The rate constant for the decomposition of $N_{2}O_{5}$ at various temperatures is given below:

$T / ^{\circ}C$	$0$	$20$	$40$	$60$	$80$
$10^{5} \times k / s^{-1}$	$0.0787$	$1.70$	$25.7$	$178$	$2140$

Draw a graph between $\ln k$ and $1 / T$ and calculate the values of $A$ and $E_{a}.$ Predict the rate constant at $30^{\circ}C$ and $50^{\circ}C$.

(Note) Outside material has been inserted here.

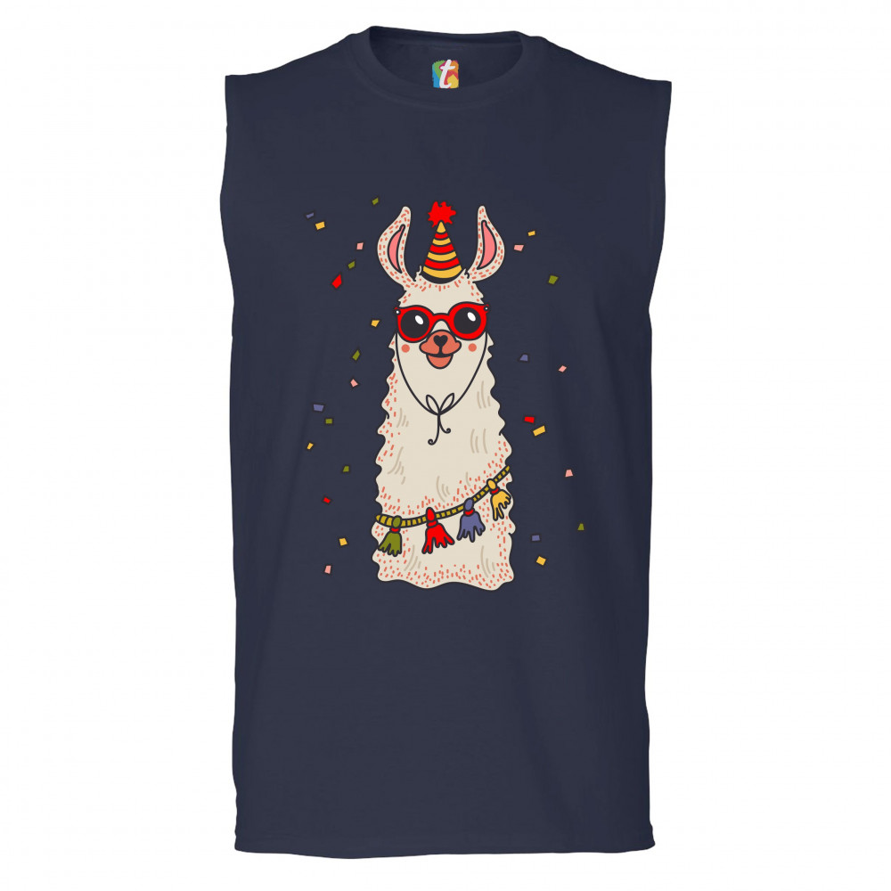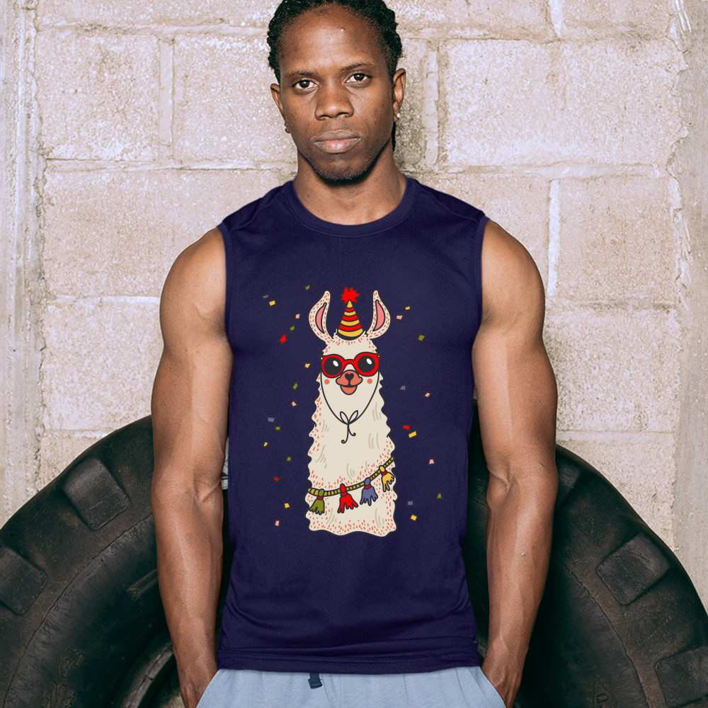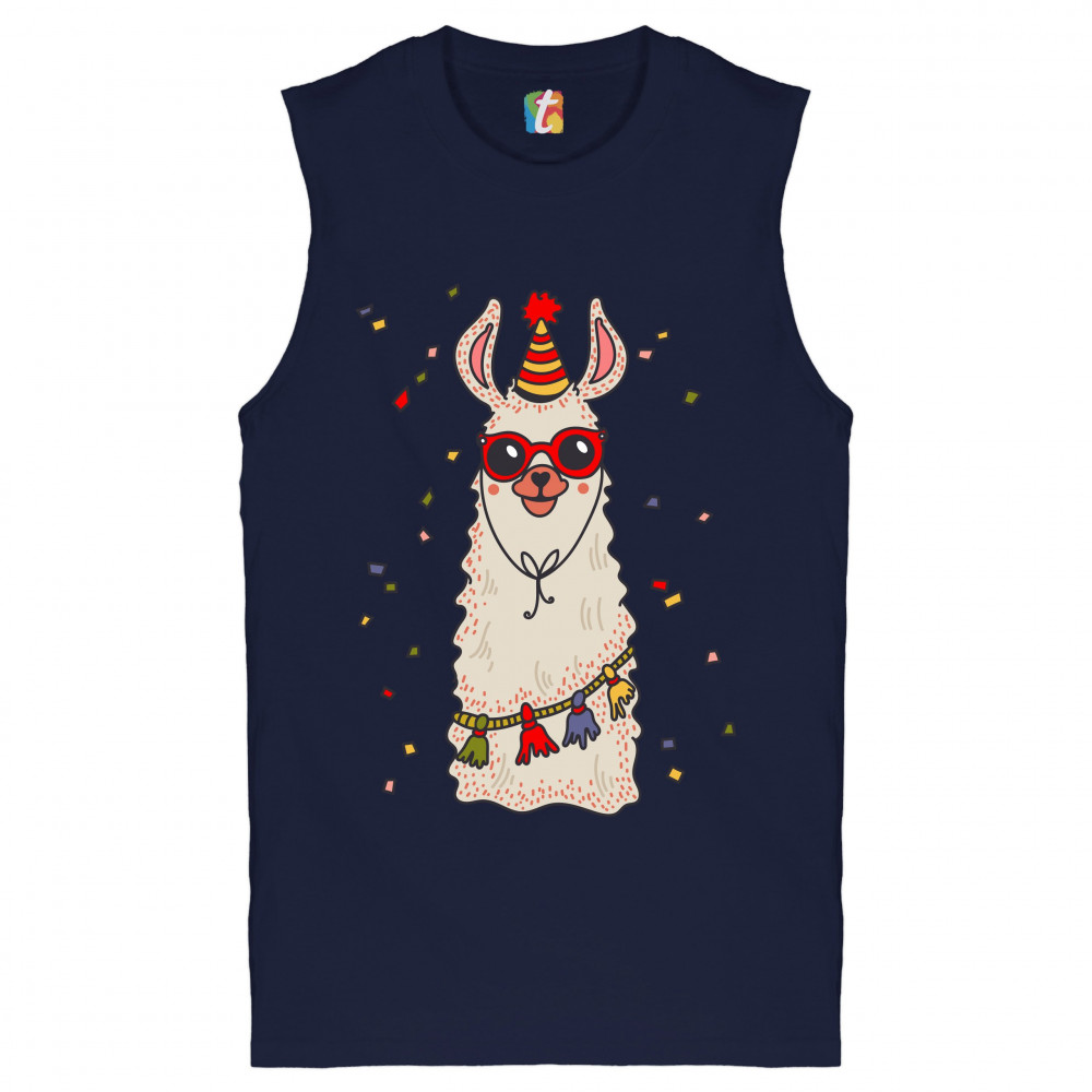 CHRISTMAS LLAMA muscle shirt merry and bright let it snow funny xmas men's navy blue

(N/A) From the given data,we calculate the values for the Arrhenius plot:

$T / ^{\circ}C$	$0$	$20$	$40$	$60$	$80$
$T / K$	$273$	$293$	$313$	$333$	$353$
$1/T / K^{-1}$	$3.66 \times 10^{-3}$	$3.41 \times 10^{-3}$	$3.19 \times 10^{-3}$	$3.00 \times 10^{-3}$	$2.83 \times 10^{-3}$
$10^{5} \times k / s^{-1}$	$0.0787$	$1.70$	$25.7$	$178$	$2140$
$\ln k$	$-7.147$	$-4.075$	$-1.359$	$-0.577$	$3.063$

Slope of the line is calculated as $\frac{y_{2}-y_{1}}{x_{2}-x_{1}} \approx -12301 \ K$.
According to the Arrhenius equation,$\text{Slope} = -\frac{E_{a}}{R}$.
$E_{a} = -\text{Slope} \times R = -(-12301 \ K) \times (8.314 \ J \ K^{-1} \ mol^{-1}) \approx 102.27 \ kJ \ mol^{-1}$.
Using $\ln k = \ln A - \frac{E_{a}}{RT}$,we find $\ln A = \ln k + \frac{E_{a}}{RT}$.
At $T = 273 \ K$,$\ln A = -7.147 + \frac{102270}{8.314 \times 273} \approx 37.91$,so $A \approx 2.91 \times 10^{16} \ s^{-1}$.
For $30^{\circ}C$ $(303 \ K)$,$1/T \approx 3.30 \times 10^{-3} \ K^{-1}$,$\ln k \approx -2.8$,$k \approx 6.08 \times 10^{-2} \ s^{-1}$.
For $50^{\circ}C$ $(323 \ K)$,$1/T \approx 3.10 \times 10^{-3} \ K^{-1}$,$\ln k \approx -0.5$,$k \approx 0.607 \ s^{-1}$.